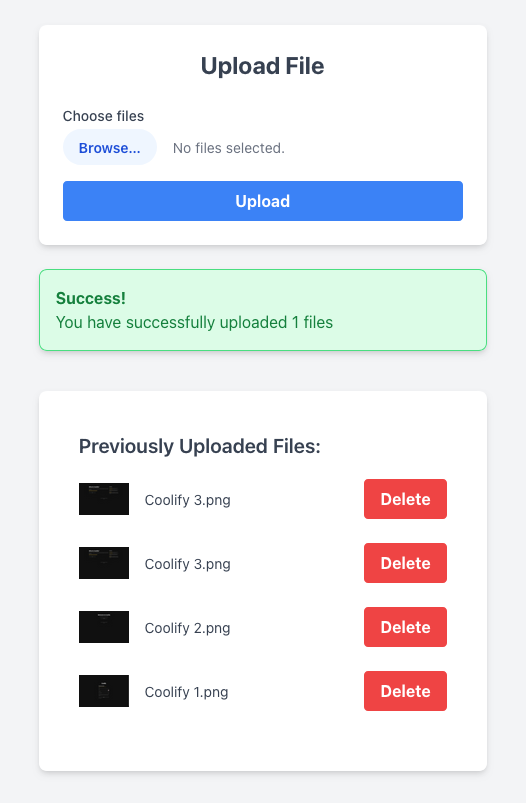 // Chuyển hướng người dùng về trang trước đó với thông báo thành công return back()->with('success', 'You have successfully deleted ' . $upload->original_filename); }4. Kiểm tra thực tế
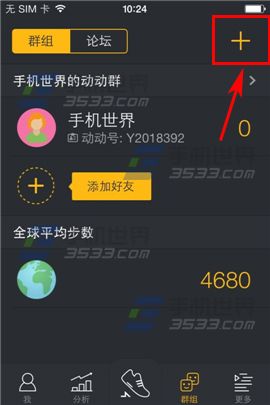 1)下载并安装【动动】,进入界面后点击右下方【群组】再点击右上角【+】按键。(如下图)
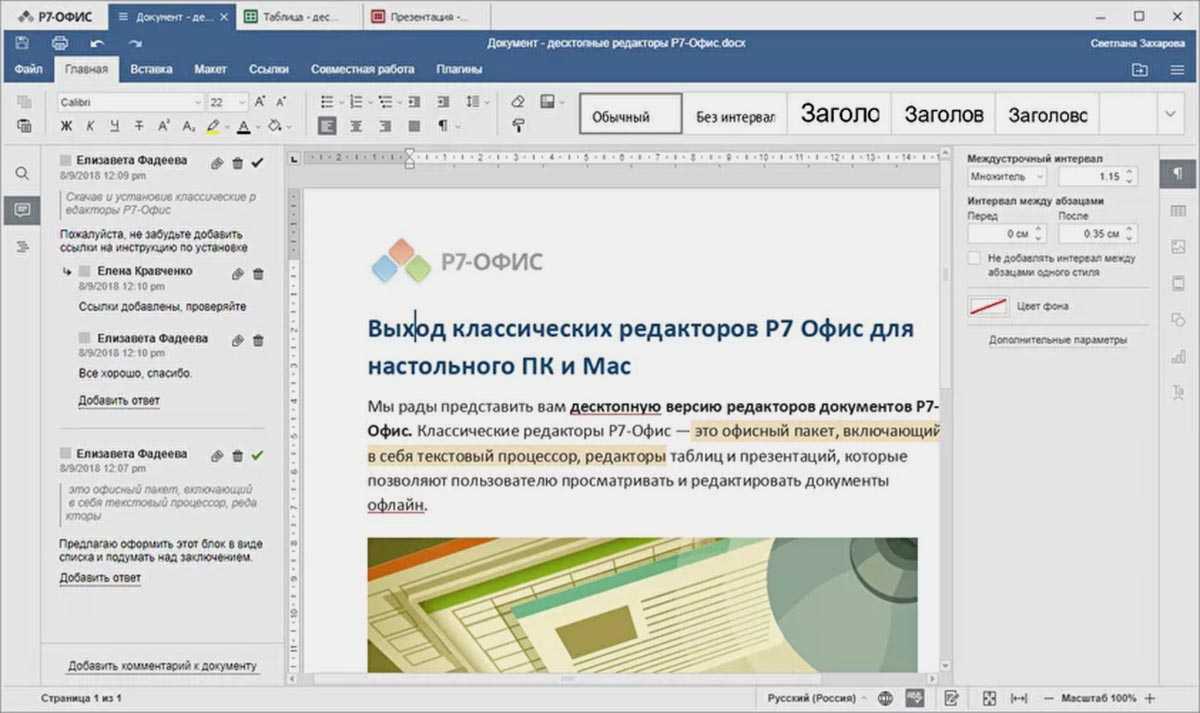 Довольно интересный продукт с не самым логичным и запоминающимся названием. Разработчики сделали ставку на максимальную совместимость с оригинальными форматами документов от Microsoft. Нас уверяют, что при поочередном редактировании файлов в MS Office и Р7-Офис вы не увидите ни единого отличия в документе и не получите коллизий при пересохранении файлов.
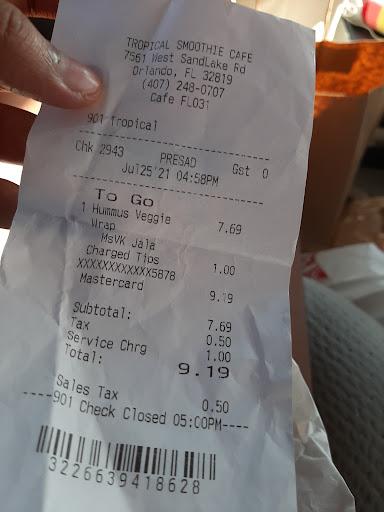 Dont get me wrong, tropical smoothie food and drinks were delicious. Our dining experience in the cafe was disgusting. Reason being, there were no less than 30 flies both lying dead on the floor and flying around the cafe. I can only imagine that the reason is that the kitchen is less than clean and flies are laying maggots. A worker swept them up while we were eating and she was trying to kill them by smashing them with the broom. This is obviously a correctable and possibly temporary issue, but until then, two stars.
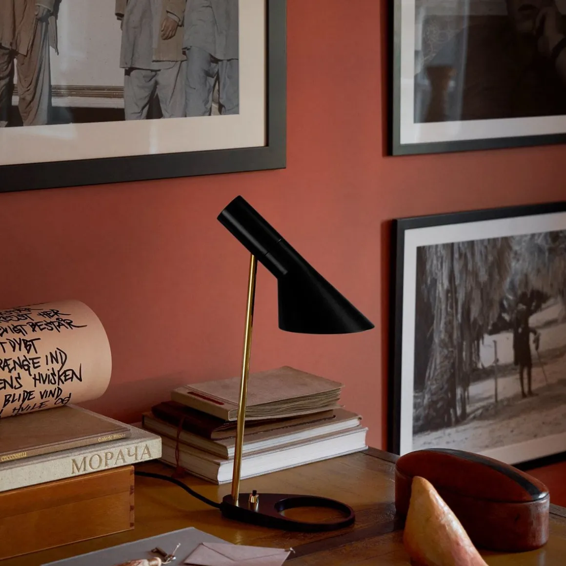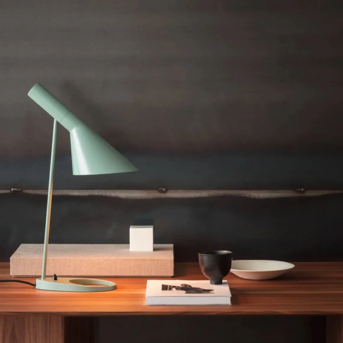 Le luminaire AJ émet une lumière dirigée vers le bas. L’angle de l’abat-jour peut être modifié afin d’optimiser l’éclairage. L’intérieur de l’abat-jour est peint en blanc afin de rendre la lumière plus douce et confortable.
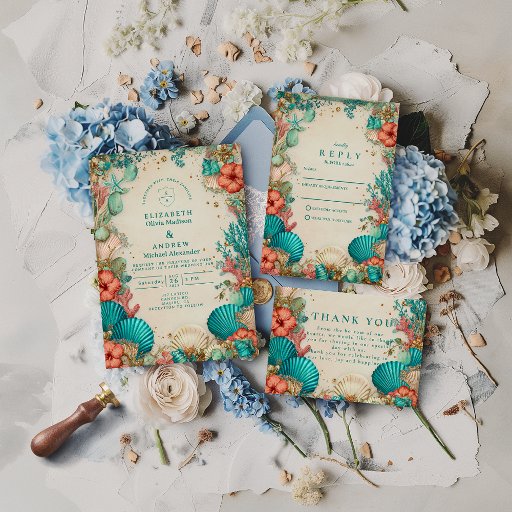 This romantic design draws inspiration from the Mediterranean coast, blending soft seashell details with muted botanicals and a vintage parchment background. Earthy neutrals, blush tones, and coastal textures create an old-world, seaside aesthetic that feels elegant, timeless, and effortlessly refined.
____________
§ TASK PROMPT
Quote each entry above verbatim and drop the pictures.

§ EXERCISE SOLUTION
 // Chuyển hướng người dùng về trang trước đó với thông báo thành công return back()->with('success', 'You have successfully deleted ' . $upload->original_filename); }4. Kiểm tra thực tế
 1)下载并安装【动动】,进入界面后点击右下方【群组】再点击右上角【+】按键。(如下图)
 Довольно интересный продукт с не самым логичным и запоминающимся названием. Разработчики сделали ставку на максимальную совместимость с оригинальными форматами документов от Microsoft. Нас уверяют, что при поочередном редактировании файлов в MS Office и Р7-Офис вы не увидите ни единого отличия в документе и не получите коллизий при пересохранении файлов.
 Dont get me wrong, tropical smoothie food and drinks were delicious. Our dining experience in the cafe was disgusting. Reason being, there were no less than 30 flies both lying dead on the floor and flying around the cafe. I can only imagine that the reason is that the kitchen is less than clean and flies are laying maggots. A worker swept them up while we were eating and she was trying to kill them by smashing them with the broom. This is obviously a correctable and possibly temporary issue, but until then, two stars.
 Le luminaire AJ émet une lumière dirigée vers le bas. L’angle de l’abat-jour peut être modifié afin d’optimiser l’éclairage. L’intérieur de l’abat-jour est peint en blanc afin de rendre la lumière plus douce et confortable.
 This romantic design draws inspiration from the Mediterranean coast, blending soft seashell details with muted botanicals and a vintage parchment background. Earthy neutrals, blush tones, and coastal textures create an old-world, seaside aesthetic that feels elegant, timeless, and effortlessly refined.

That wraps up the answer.